# Ewan ko ba, ang daming nanguurat sa mundo.



## jakethesnake

My friend says she is unhappy and writes.  What is the translation...Thanks!
ewan ko b daming nanguurat sa mundo..pashot ka naman! haha tagal pa kaya pupunta ka naman kaya...

Thanks!


----------



## DotterKat

This text is so fragmented and idiosyncratic that it is difficult to be sure what the speaker is talking about  (in fact, she is speaking of three different things). Roughly, this is what she is saying:

Ewan ko ba, ang daming nanguurat sa mundo. Pashot ka naman! (haha) Matagal pa kaya? Pupunta ka naman kaya (talaga)?

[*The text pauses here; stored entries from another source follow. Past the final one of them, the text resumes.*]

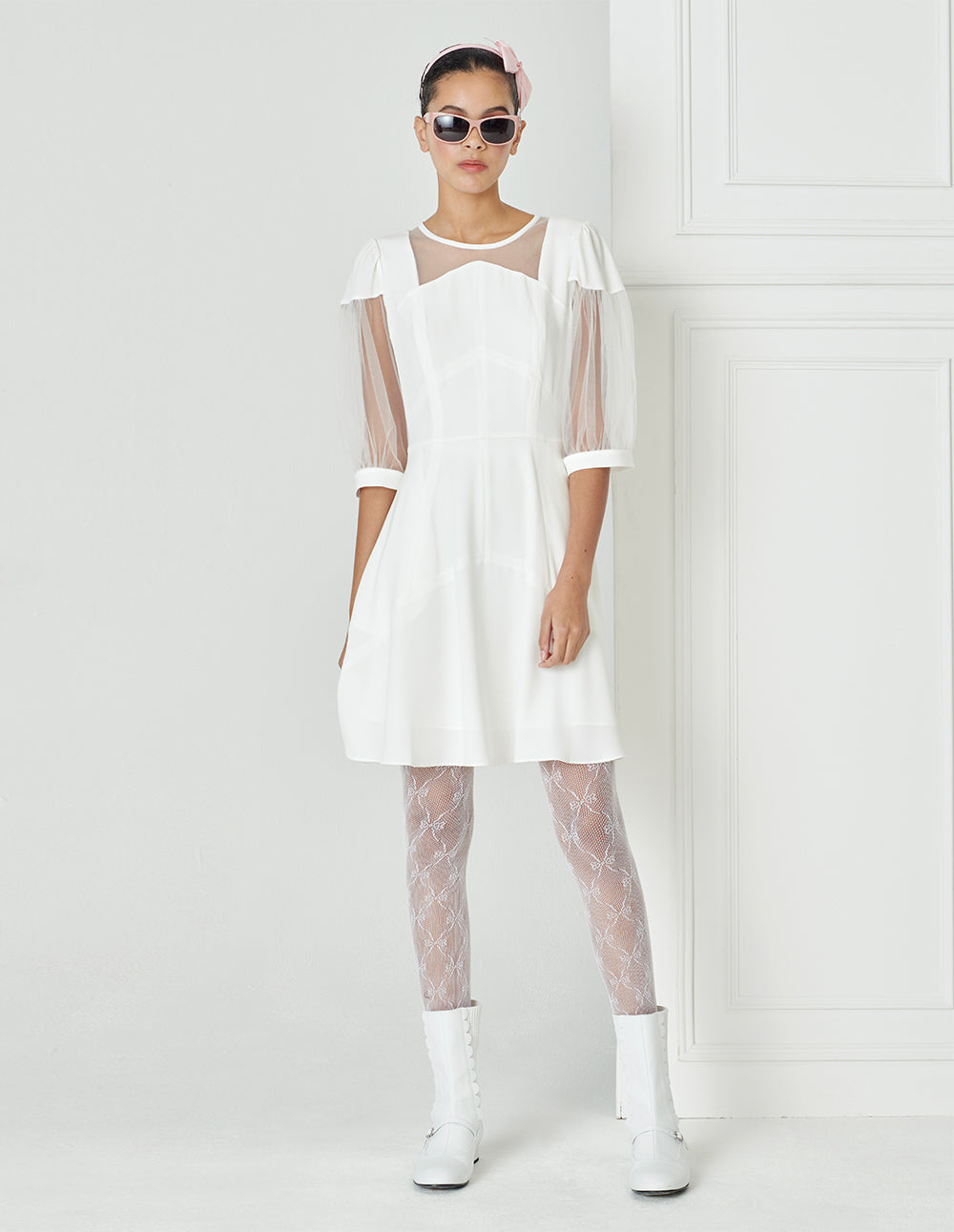 BORA AKSU Puff Sleeve Lace Patchwork Pleated Dress
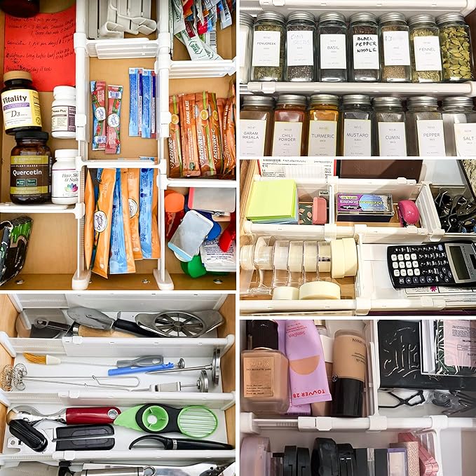 - Long Lasting & Stable Grip: To ensure the most lasting stability of the dividers, we adopt the serrated design to fix instead of the spring structure on the market. So there is a pull tab on the long divier which need to be pushed from the bottom to the top with our thumb. There are also foam pieces covered on kitchen drawer dividers that are a nice touch for grip. Protect the drawer from scratches, leaving no traces or residues
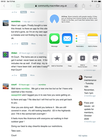 If you tap the box with the arrow pointing up it will bring this box up. If you scroll across the bottom black and white boxes there is one called add to home screen, tap on that, then tap done and it will save the site as an icon on your iPad screen? Apologies if you already knew this but that’s how I get in and I’ve also just uploaded my first ever photo yay!

I don't know (why) there are so many (inquisitive / irritating  _or better yet: *irritatingly inquisitive*_) people in the world. Buy a round of drinks, why don't you? Haha! I wonder if it will take a while longer? I wonder if you will really (come here / go there)?

(Somewhere in this meandering message, the speaker is expressing irritation over some people who may be too intrusive, asking you to entertain them with alcohol and wondering whether or not you will indeed go somewhere you may have implied you will go.)


----------



## jakethesnake

too much party i think! ha


----------